I'm curious about a statement from http://docs.python.org/2/library/itertools.html#itertools.imap, namely it describes
sum(imap(operator.mul, vector1, vector2))
as an efficient dot-product. My understanding is that imap gives a generator instead of a list, and while I understand how it would be faster/consume less memory if you're only considering the first few elements, with the surrounding sum(), I don't see how it behaves any differently than:
sum(map(operator.mul, vector1, vector2))
The difference between map
and imap
becomes clear when you start increasing the size of what you're iterating over:
# xrange object, takes up no memory
data = xrange(1000000000)
# Tries to builds a list of 1 billion elements!

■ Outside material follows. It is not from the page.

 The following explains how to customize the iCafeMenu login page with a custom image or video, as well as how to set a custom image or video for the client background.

# Therefore, fails with MemoryError on 32-bit systems.
doubled = map(lambda x: x * 2, data)
# Generator object that lazily doubles each item as it's iterated over.

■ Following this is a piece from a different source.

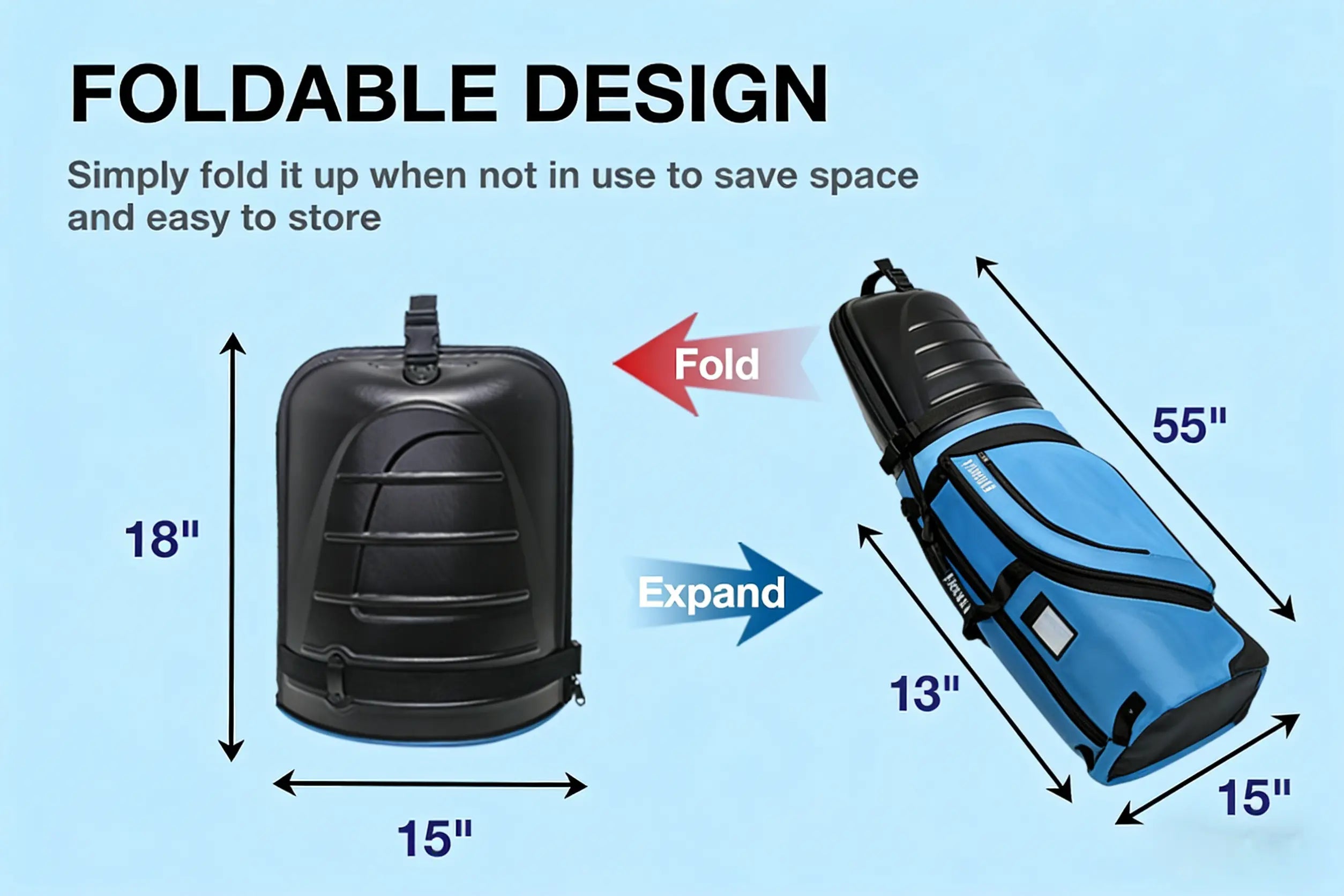 A: Folded dimensions are approx. 18″ x 15″ x 13″. Compared to the expanded 55-inch length, overall volume is reduced by ~75%, allowing easy storage in most spaces.

# Takes up very little (and constant, independent of data's size) memory.
iter_doubled = itertools.imap(lambda x: x * 2, data)

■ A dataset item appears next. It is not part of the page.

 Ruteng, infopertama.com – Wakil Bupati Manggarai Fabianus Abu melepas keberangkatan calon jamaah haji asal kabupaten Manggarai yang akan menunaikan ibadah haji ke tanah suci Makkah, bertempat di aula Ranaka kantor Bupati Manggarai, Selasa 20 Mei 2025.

# This is where the iteration and the doubling happen.
# Again, since no list is created, this doesn't run you out of memory.
sum(iter_doubled)
# (The result is 999999999000000000L, if you're interested.
# It takes a minute or two to compute, but consumes minimal memory.)
Note that in Python 3, the built-in map
behaves like Python 2's itertools.imap
(which was removed because it's no longer needed). To get the "old map
" behaviour, you'd use list(map(...))
, which is another good way to visualize how Python 2's itertools.imap
and map
differ from each other.